Trump set the ball rolling on severing all official ties with the WHO via executive order on Jan. 20, stating that the "WHO continues to demand unfairly onerous payments from the United States, far out of proportion with other countries' assessed payments. China, with a population of 1.4 billion, has 300 percent of the population of the United States, yet contributes nearly 90 percent less to the WHO."

"World Health ripped us off," said Trump. "Everybody rips off the United States. It's not going to happen any more."

'We are protecting American taxpayers.'

"DOGE and OMB also found that there was about to be 50 million taxpayer dollars that went out the door to fund condoms in Gaza," Leavitt added Tuesday. "That is a preposterous waste of taxpayer money."

Some critics have questioned whether $50 million was actually earmarked for shipping condoms to Gaza, which only has a population of around 2.1 million people. Doubts were fueled in part by reports highlighting that in 2023, USAID allocated $60.8 million in funding for condoms and female contraceptives globally and that none of that funding went to Gaza. Only $45,681 worth of condoms were delivered to the Middle East that fiscal year.

State Department spokeswoman Tammy Bruce clarified in an X thread that the blocked funds for contraception were part of $102 million in planned "unjustified funding to a contractor in Gaza."

A Trump administration official confirmed to the Independent on Wednesday that the blocked grants were partly for contraceptives but also for the International Medical Corps, an America-based organization that operates field hospitals in Gaza, to provide "family planning programming including emergency contraception; sexual health care including prevention and management of sexually transmitted infections; and adolescent sexual and reproductive health."

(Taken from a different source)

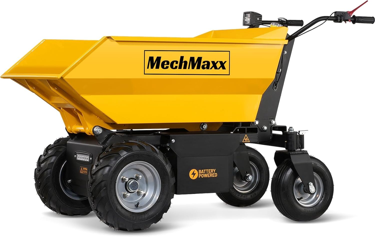 1100Lb Loading 48V Battery Powered Wheel Barrow Electric Dumper Cart with 30W Light, Hydraulic Tipping, 1000W Brushless DC Motor, LED Display Screen, Model EH50 Yellow

Todd Bernhardt, a spokesman for the IMC, told the Washington Post that "no U.S. government funding was used to procure or distribute condoms."

While it's unclear whether taxpayers were actually on the hook for Gazan condoms, Bruce noted that the overall pause in foreign assistance has enabled the State Department to prevent $16 million in funding from going to institutional contractors in gender development offices; $4 million from going to the Center for Climate-Positive Development; $12 million from going to provide support services to the USAID Bureau for Resilience, Environment, and Food Security; $6 million from going to fund "administrative support for an already bloated 'Center of Excellence'"; and $600,000 to fund technical assistance for family planning in Latin America.

"We will not allow the bureaucracy to exploit a crisis and waste taxpayer dollars. We are protecting American taxpayers, safeguarding America’s national security, and ensuring actual lifesaving humanitarian aid continues," said Bruce.

Government data shows that the U.S. blew $68 billion on foreign aid in 2023 and had nearly $40 billion in obligations for fiscal year 2024.

According to the United Nations, the U.S. is far and away the biggest global provider of humanitarian aid, accounting for over 42% of funding worldwide last year. The runner-up was the European Union, which collectively accounted for only 8.1% of global funding.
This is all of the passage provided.